Exercise materials:
::::::::

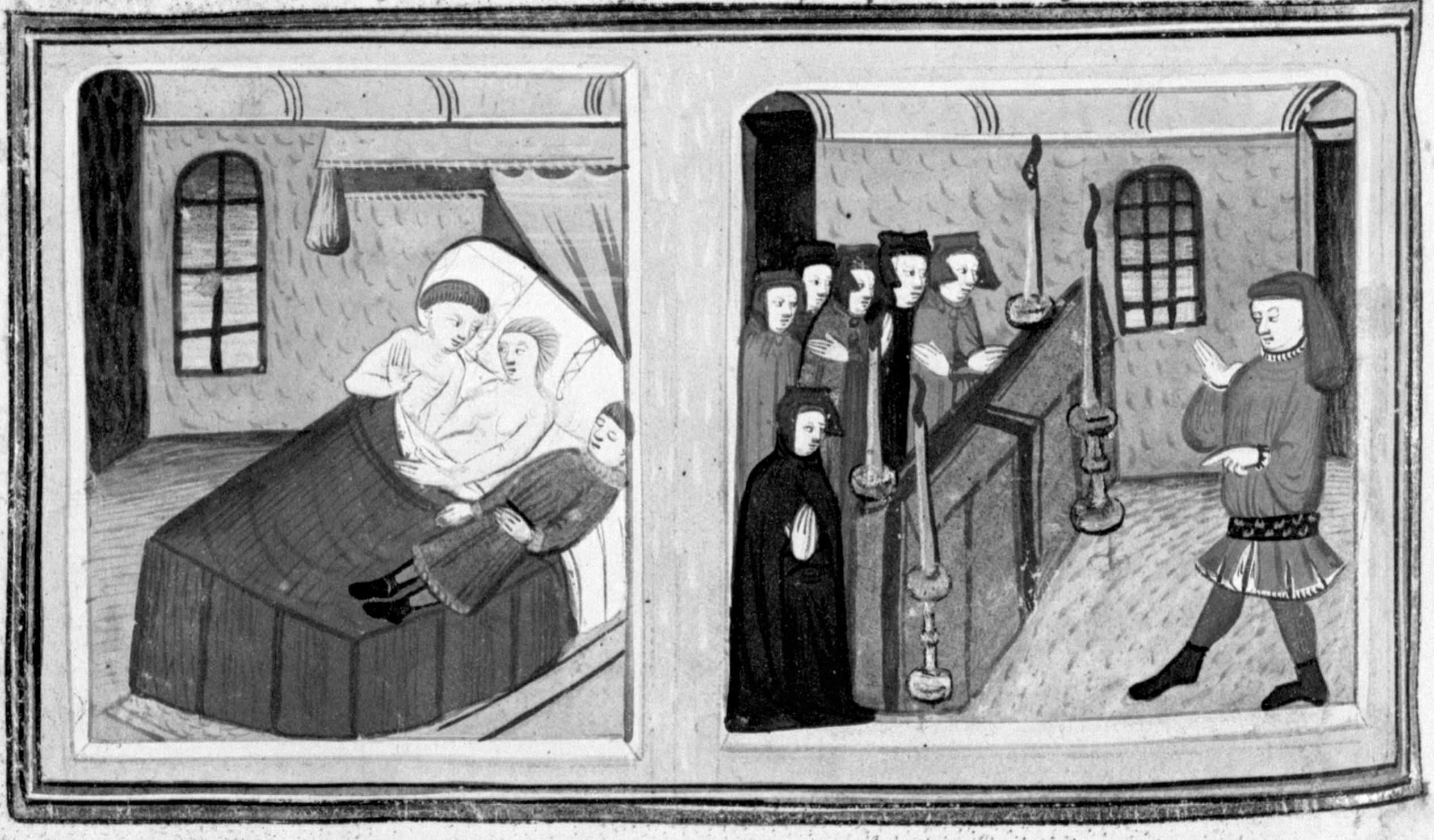 Parigi, Bibliothèque Nationale de France, Fr. 12421, f. 197v. Girolamo muore disteso sul letto accanto a Salvestra e a suo marito; Salvestra partecipa al funerale del giovane insieme ad altre donne, mentre sopraggiunge un uomo.
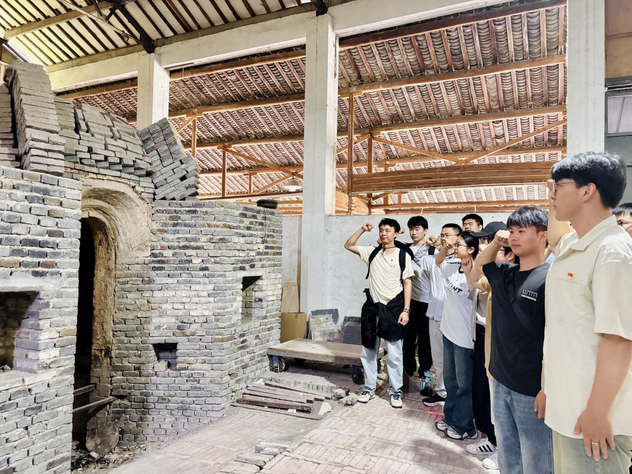 在具有百年歷史的古窯遺址前,全體師生莊嚴宣誓:“弘揚工匠精神,勇攀技術高峰,以青春之力賦能中國智造!”鏗鏘誓言與古老窯洞交相輝映,傳遞出新時代青年科技工作者傳承匠心、跟黨奮斗的堅定信念。
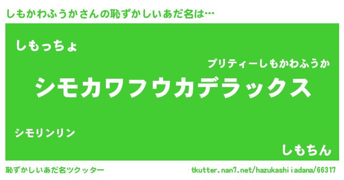 | 男性向けラノベタイトル風あだ名 | 『転生したらしもかわふうかだった件』 |
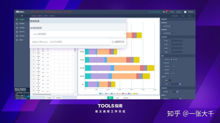 最赞的一点是,图表数据的导入和分享非常便捷。你可以直接上传 EXCEL 或者 CSV 格式的数据文件,图表就可以自动生成:
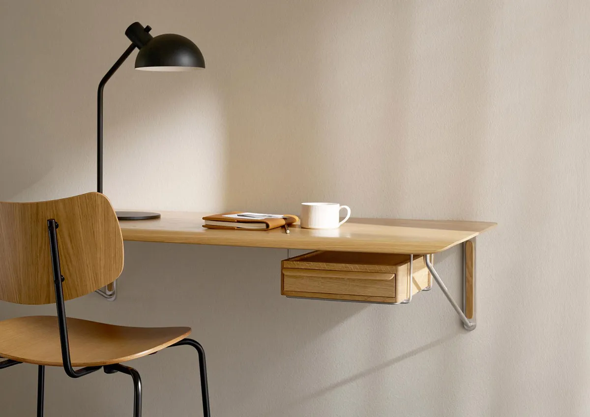 Referring to his Wall Desk, Anker Bak says: “People are always at the core of my designs. With this desk, I consciously made room for both work and leisure – side by side. When our surroundings adapt to us and our lives, it means we have more time and energy for both work and family. I have first-hand experience of this. That’s why this desk also tries to make the traditionally heavier or industrial desk a completely simple and functional piece that will fit into any home, living room or office.”
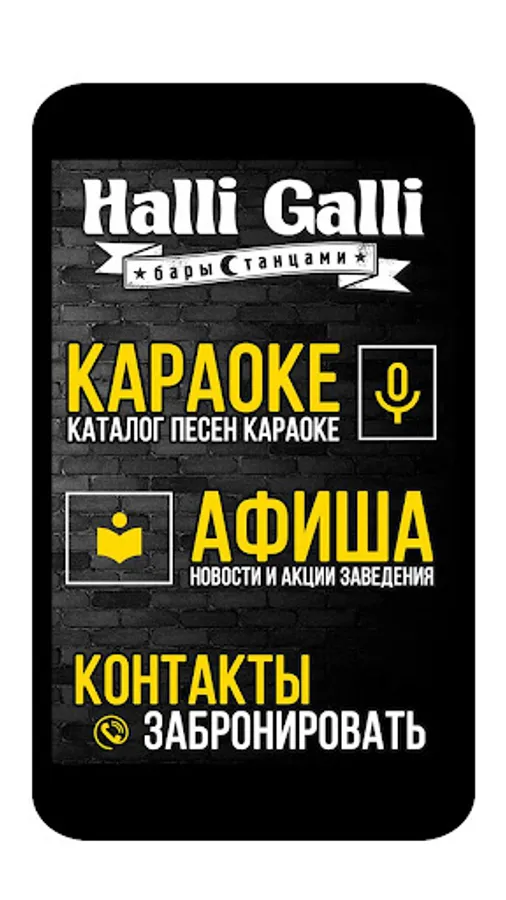 Brand mobile application to a karaoke bar "Halli Galli", which you will find:

::::::::

Task statement: Only an exact copy of the entries, with no pictures, is expected as the answer.

Task output:
 Parigi, Bibliothèque Nationale de France, Fr. 12421, f. 197v. Girolamo muore disteso sul letto accanto a Salvestra e a suo marito; Salvestra partecipa al funerale del giovane insieme ad altre donne, mentre sopraggiunge un uomo.
 在具有百年歷史的古窯遺址前,全體師生莊嚴宣誓:“弘揚工匠精神,勇攀技術高峰,以青春之力賦能中國智造!”鏗鏘誓言與古老窯洞交相輝映,傳遞出新時代青年科技工作者傳承匠心、跟黨奮斗的堅定信念。
 | 男性向けラノベタイトル風あだ名 | 『転生したらしもかわふうかだった件』 |
 最赞的一点是,图表数据的导入和分享非常便捷。你可以直接上传 EXCEL 或者 CSV 格式的数据文件,图表就可以自动生成:
 Referring to his Wall Desk, Anker Bak says: “People are always at the core of my designs. With this desk, I consciously made room for both work and leisure – side by side. When our surroundings adapt to us and our lives, it means we have more time and energy for both work and family. I have first-hand experience of this. That’s why this desk also tries to make the traditionally heavier or industrial desk a completely simple and functional piece that will fit into any home, living room or office.”
 Brand mobile application to a karaoke bar "Halli Galli", which you will find:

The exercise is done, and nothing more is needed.